Capitol Records artists Tennessee Ernie Ford, Fred Waring and His Pennsylvanians and Nat King Cole recorded Burt's carols. In 1958, Ford recorded "The Star Carol" for his first full-length album of Christmas music and named the entire album of songs after it. The Star Carol (Capitol T/ST 1071) peaked at Billboard #4 in the Christmas season of 1958–59 and reappeared on either the main LP charts or the special Christmas charts for a decade thereafter. In 1959, Waring recorded the Christmas LP The Sounds of Christmas (Capitol T/ST 1260), and six of the Alfred Burt Carols appeared on it: "Caroling, Caroling", "O Hearken Ye", "Jesu Parvule", "The Star Carol", "Come Dear Children", and "This Is Christmas" (the latter also known under the name "Bright, Bright the Holly Berries"). Finally, Cole recorded "Caroling, Caroling" on his 1960 album The Magic of Christmas (Capitol W/SW 1444), which was reissued under the title The Christmas Song in 1963 and has remained in print ever since. Simon and Garfunkel recorded "The Star Carol" in 1967, which was released on the LP A Very Merry Christmas.
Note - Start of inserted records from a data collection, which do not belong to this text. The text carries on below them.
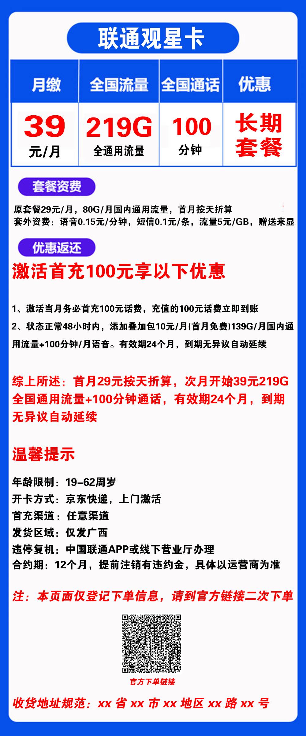 W1764/联通观星卡39元219G流量+100分钟通话【仅发广西】【长期套餐】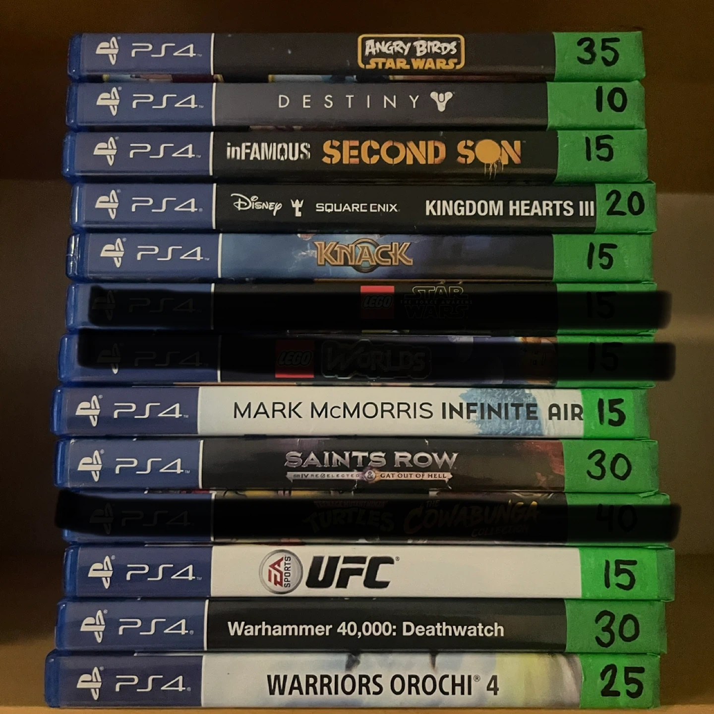 Selling a lot of PS4 games. Not looking to sell entire collection for cheap. Check out the titles in the pictures, prices are marked on green tape. If buying 2 or more, you’ll get $5 off EACH game.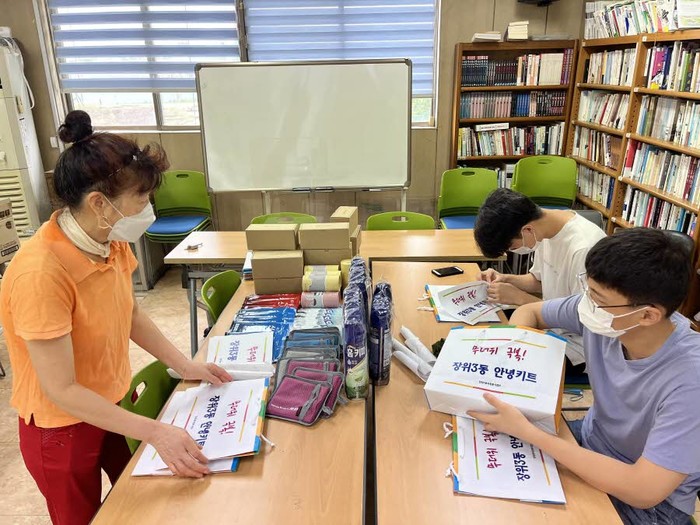 | ▲ 우리동네돌봄단과 청소년 자원봉사자들이 무더위 극복 안녕키트를 포장하고 있다. (사진제공=성북구청) |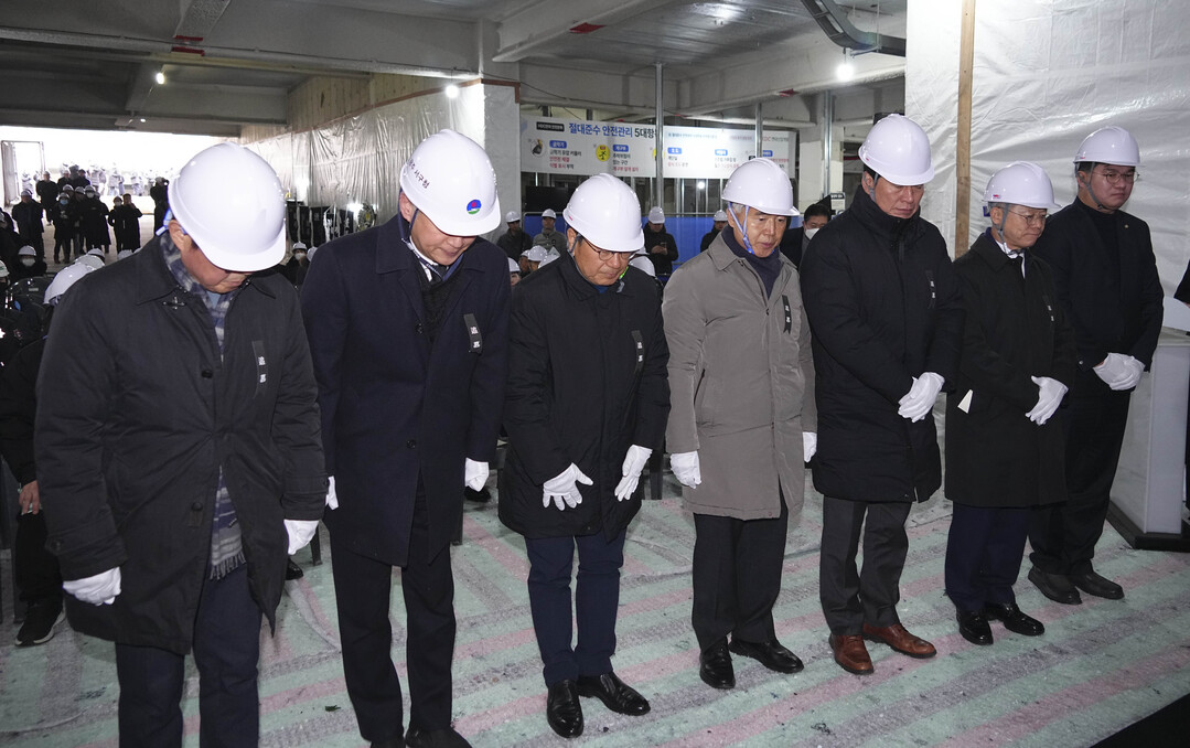 | ▲ 강기정 광주광역시장이 11일 오후 현대산업개발 아파트 신축공사 붕괴사고 3주기 추모식에 참석해 묵념을 하고 있다. [광주광역시 제공] |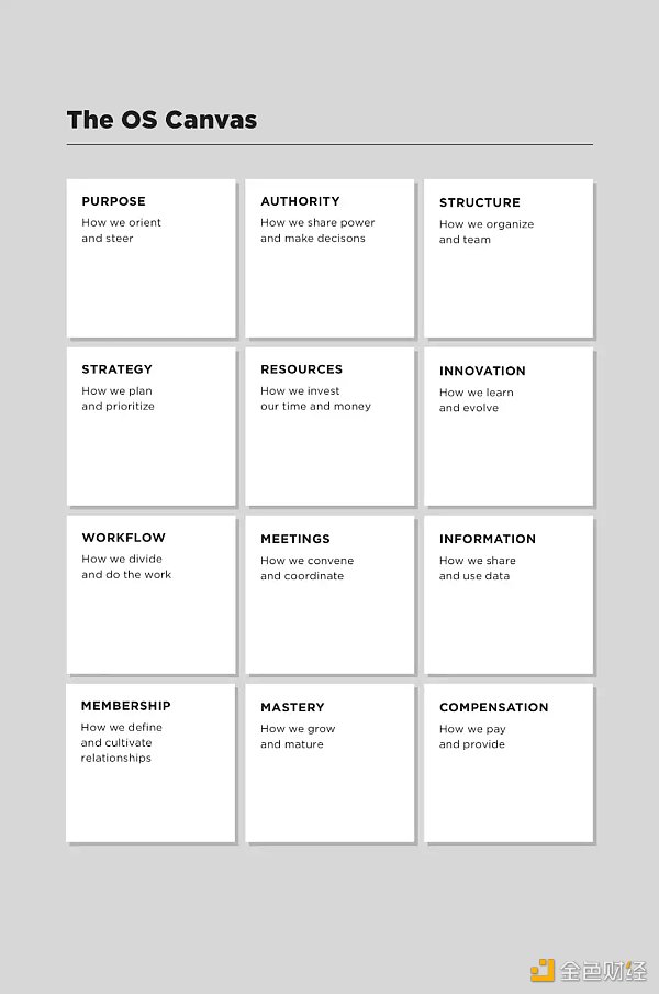 理解这 12 个领域的一种方法是,每个领域都对与组织特定方面相关的价值观和原则进行编码。操作系统的域是可组合的构建模块,DAO 工具、治理、团队、项目、产品和文化都是在此基础上建立的。通过学习操作系统的关键要素,成员可以有意识地更新和升级他们当前的系统,在持续的过程感知到问题是什么,并学习用新的操作方法来应对。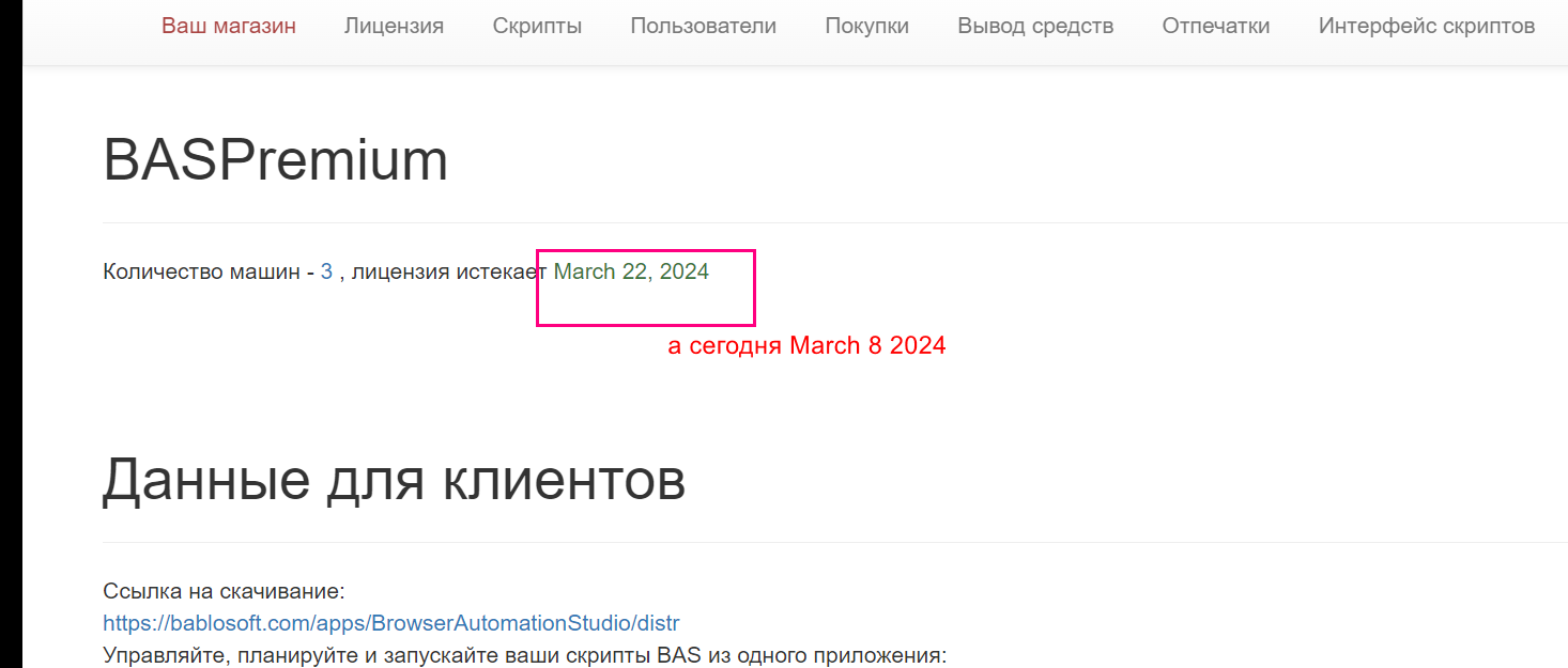 У меня лицензия Bas премиум еще пару недель будет работать.

The first recording of all 15 of The Alfred Burt Carols was released in 1964 by the Voices of Jimmy Joyce called This Is Christmas: A Complete Collection of the Alfred S. Burt Carols (Warner Bros. W/WS 1566). The recording was produced by Anne S. Burt, Alfred's wife, and James Conkling, president of Warner Bros. Records. The recording engineer was Lowell Frank. The unusual 8-part vocal harmony arrangements were written by Alfred's lifelong friend, Brinley Bethel. The tracks were recorded during a 3-day session in Hollywood on September 9, 10 & 11 of 1963. The recording was nominated for a Grammy in 1964 in the category of Best Pop Instrumental Performance. In 1964, there was no category for a cappella vocal music; thus, the work was placed in the instrumental category. It lost to Henry Mancini's "Pink Panther" theme.

==Legacy==
"Caroling, Caroling" and "Some Children See Him" are the most recorded carols written by Alfred S. Burt.
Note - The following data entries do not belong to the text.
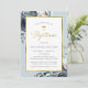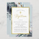 Romantic Blue Floral and Gold Script Baptism Invitation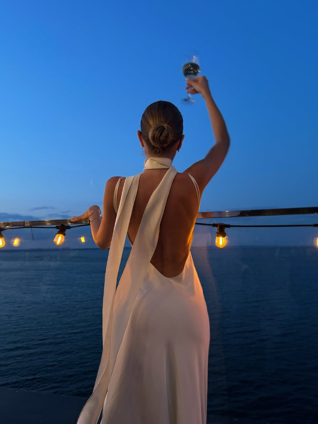 Simple White A Line Spaghetti Strap Satin Open Back Prom Dress Wedding Guest Dress SH4531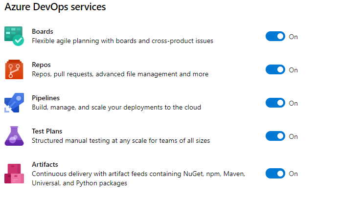 Poniżej jest lista zakładek, które chcemy mieć dostępne na Azure DevOps dla tego projektu. My mamy włączone wszystkie.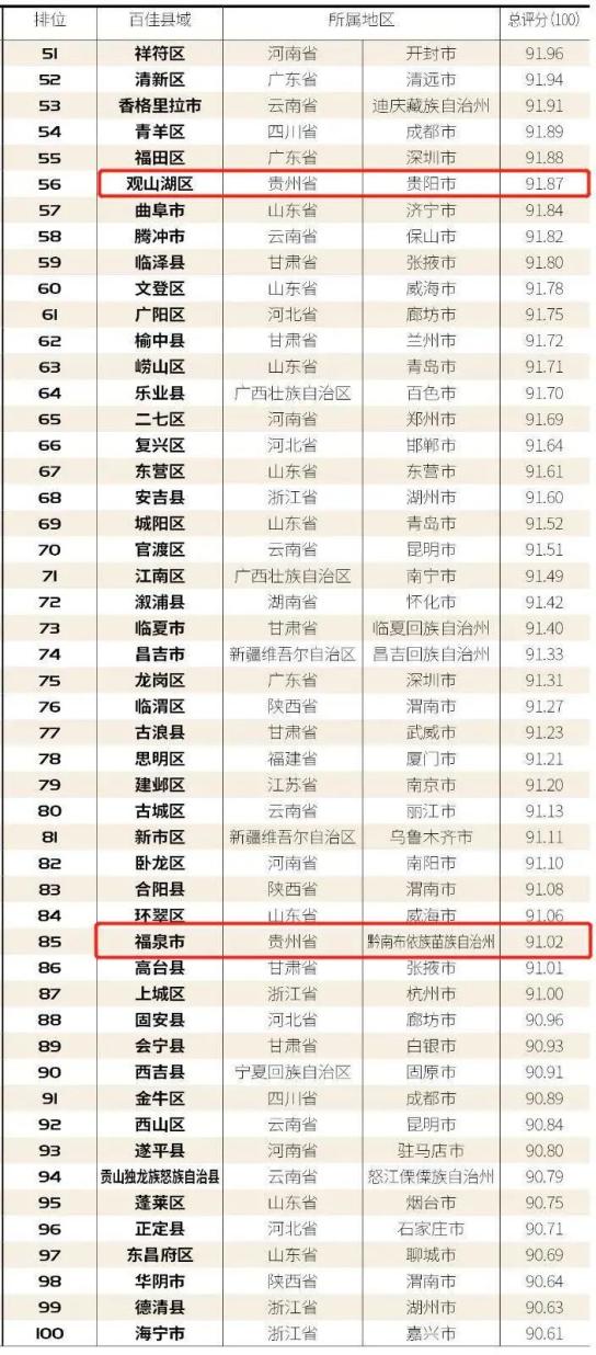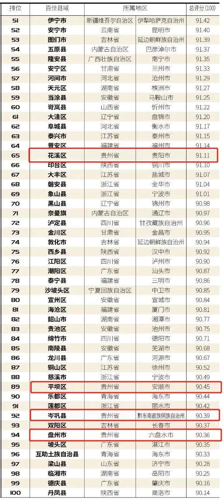 近期,由中共中央机关刊《求是》主管主办的《小康》杂志社联合多个国家权威部门和专业机构,面向中国县城或基层行政单位,开创“百县榜单工程”,推出“2020中国最美乡村百佳县市”“2020中国最具幸福感百佳县市”榜单。其中,贵州省黔西南州兴义市、毕节市纳雍县、贵阳市花溪区、安顺市平坝区、黔东南州岑巩县、六盘水市盘州市上榜“2020中国最美乡村百佳县市”;六盘水市盘州市、贵阳市观山湖区、黔南州福泉市上榜“2020中国最具幸福感百佳县市”。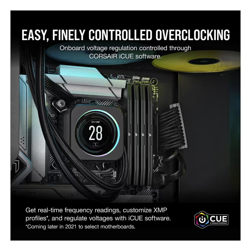 You have the power and the control. Built-in voltage regulation with iCUE software control makes for easier, finely-tuned output that provides more stable overclocking than ever.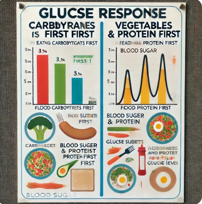 - 채소 → 단백질 → 탄수화물 순서로 섭취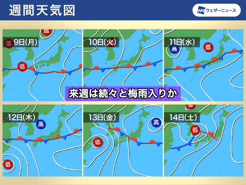 ただ、明日になると太平洋高気圧の勢力が強まるため、梅雨前線がゆっくりと北上して本州に近づいてくる見込みです。来週は梅雨前線がこのまま本州付近に停滞する日が続く見通しで、雨の降り出しに応じて梅雨入りの発表となる可能性が高いとみています。
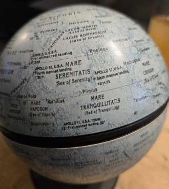 Mission planners also knew what the Earth would look like. The mission flight plans has the predicted view of Earth for various points (albeit from the CSM, not the surface). Here are the two either side of the landing. 83 GET is a couple of hours before lunar orbit insertion, 239 is just after the TEI burn home. I’ve allowed for the time added to the actual mission clock compared with the predicted one after delays in the launch.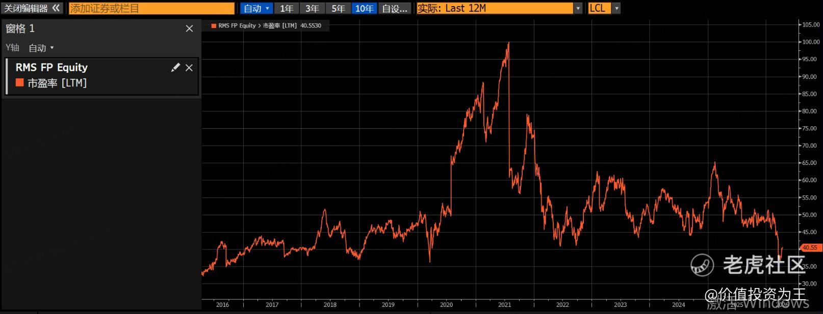 爱马仕今天将发布一季报,如果不考虑美元贬值影响,分析师预期爱马仕内生营收增速在7%左右。 绝对数值虽然不高,但爱马仕的优势胜在稳定性,而非爆发力。 从市盈率估值上看,爱马仕是市盈率一度接近36倍,创近年来最低估值,比我2022年抄底的时候还要便宜! $爱马仕(HESAY)$

Other recordings of The Alfred Burt Carols include Simon and Garfunkel's 1967 recording of "The Star Carol" (first released on the Columbia Records compilation A Very Merry Christmas) and renditions of "Some Children See Him" by Andy Williams (1965 on the album Merry Christmas), George Winston (1982 on the album December), Jeffrey Foskett (1996 on the album Christmas at the Beach), Kenny Loggins (1998 on the album December), James Taylor (2004 on the album James Taylor at Christmas), and David Archuleta (2018 on the album Winter in the Air).
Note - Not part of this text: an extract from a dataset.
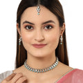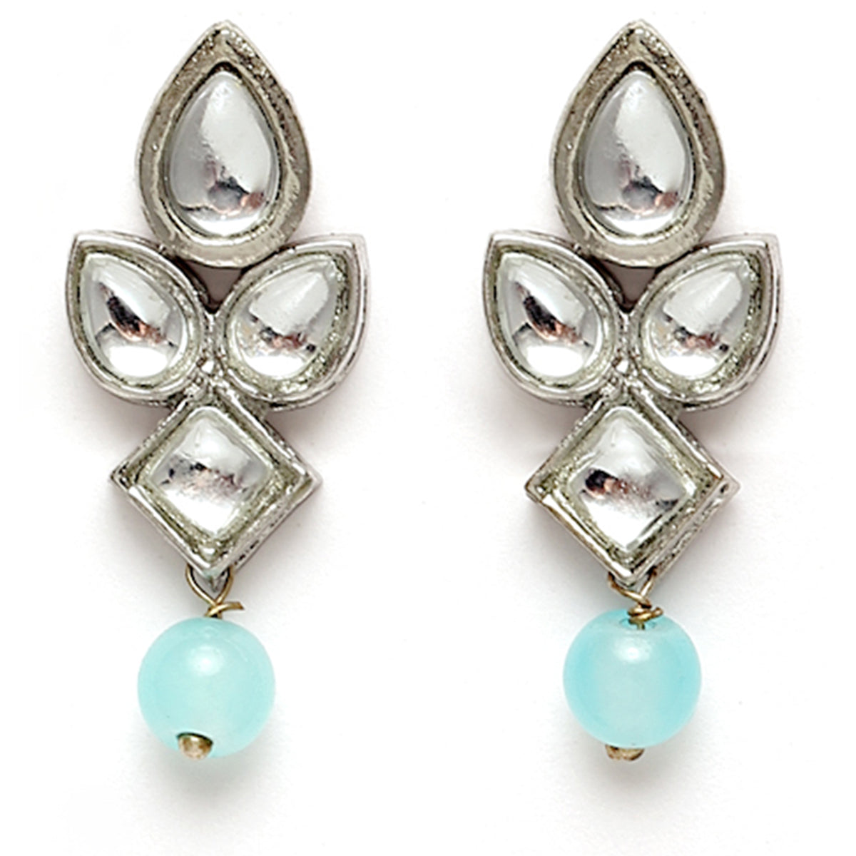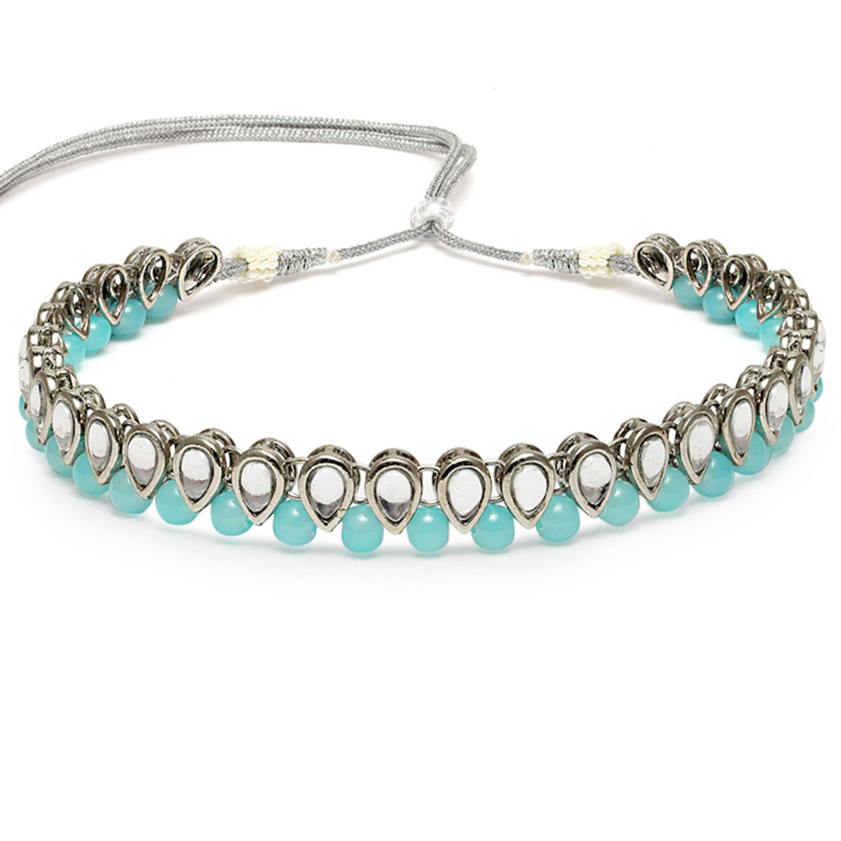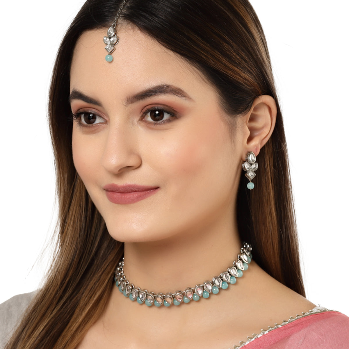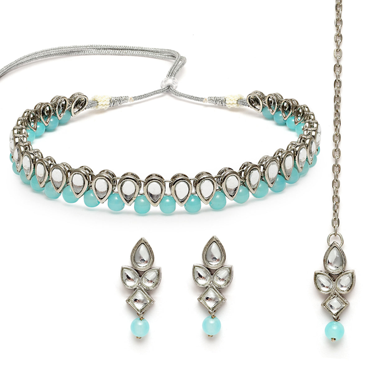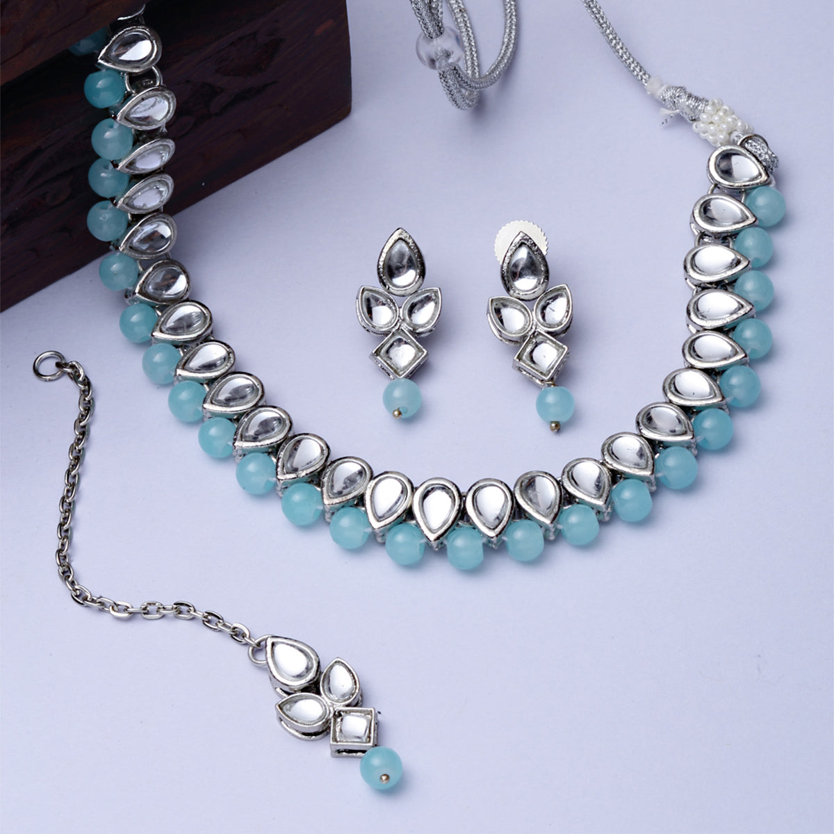 - Karatcart Oxidised Silver Handcrafted Kundan & Light Blue Beads Studded Necklace Set. It is made with high-quality Kundan Stones which makes them very skin-friendly. Perfect for Weddings, Parties, Festivals, and Traditional Occasions. Gracefully pair Saree, Kurti, or any Indo-western outfit to enhance your look. These are made from toxic-free materials which are Anti-Allergic and Safe for the skin.

The Singers Unlimited recorded six of the Alfred Burt Carols on their 1972 album Christmas. Gas House Gang also has recorded Burt carols in their 2000 CD Some Children See Him.

John Williams wrote two medleys of Alfred Burt's works for the Boston Pops Orchestra, one from the album Joy To The World (TNK 48232) and another for the album We Wish You A Merry Christmas (Philips 41627).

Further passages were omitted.